Paulo Girão – compositor • violonista • cantor 
Em 1977, formou-se em Música pela UNIRio. Iniciou sua carreira artística em 1975, participando do show “Mostragem” (Teatro Opinião, RJ), ao lado de João Bosco. Apresentou-se, a partir do ano seguinte, em outros espaços cariocas e paulistas. Em 1998, apresentou-se ao lado do cantor Lúcio Alves, no show “Seis e Meia”, realizado na Sala Funarte. Em 2001, lançou o CD autoral “A re-volta do boêmio”. Constam da relação dos intérpretes de suas canções artistas como Alaíde Costa, Pery Ribeiro, o grupo Os Mutantes e Emílio Santiago, entre outros. (fonte: dicionário MBP)

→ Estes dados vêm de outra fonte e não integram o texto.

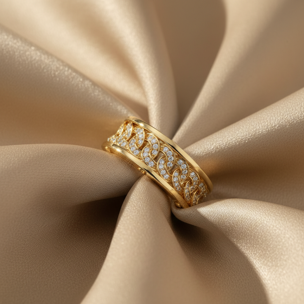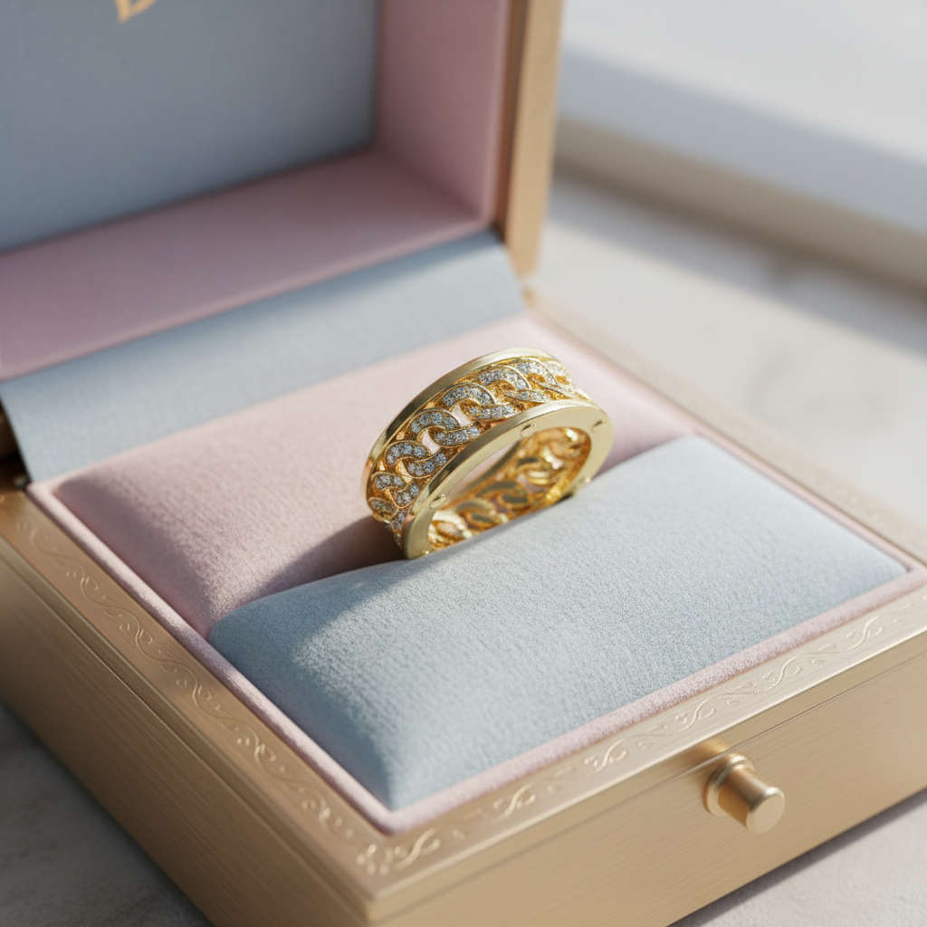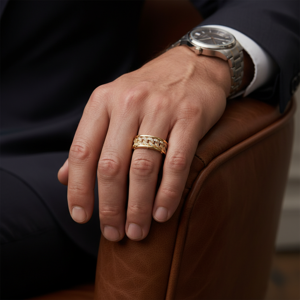 👑 Statement or Wedding Band – Ornate timeless elegance

Daniela Aragão: Como começou a música em sua vida
Paulo Girão: Eu me lembro que a primeira vez que eu vi música que me chamou atenção foram dois lps, uma coisa até meio diferente, pois só tinham oito faixas cada um. Ficavam lá em casa, em Niterói, onde eu nasci. Um do Dorival Caymmi, ele com uma camiseta de malandro. Um do Nat King Cole. Só isso já me chamou bastante atenção. Eu era muito criança. Eu tinha por volta de cinco ou seis anos. Daí veio a parte mais ágil, a Jovem Guarda, os Beatles e tal. Aí eu gostei quando começou Help, a Jovem Guarda e tal. Comecei a gostar muito desse pessoal, e eu já começava a encarar algumas canções no violão. Passei a ter aula com um professor, o Raimundo, não o da escolinha ( risos). Ele dava aula de violão na Casa Oliveira . Quando me lembro disso fico até emocionado, pois acabou a Rua da Carioca hoje em dia. Claro que o professor Raimundo já morreu faz muito tempo e vários lugares que eu conhecia na Rua da Carioca não existem mais. Eu tinha dez anos. Depois, tive outros professores, todos profissionais.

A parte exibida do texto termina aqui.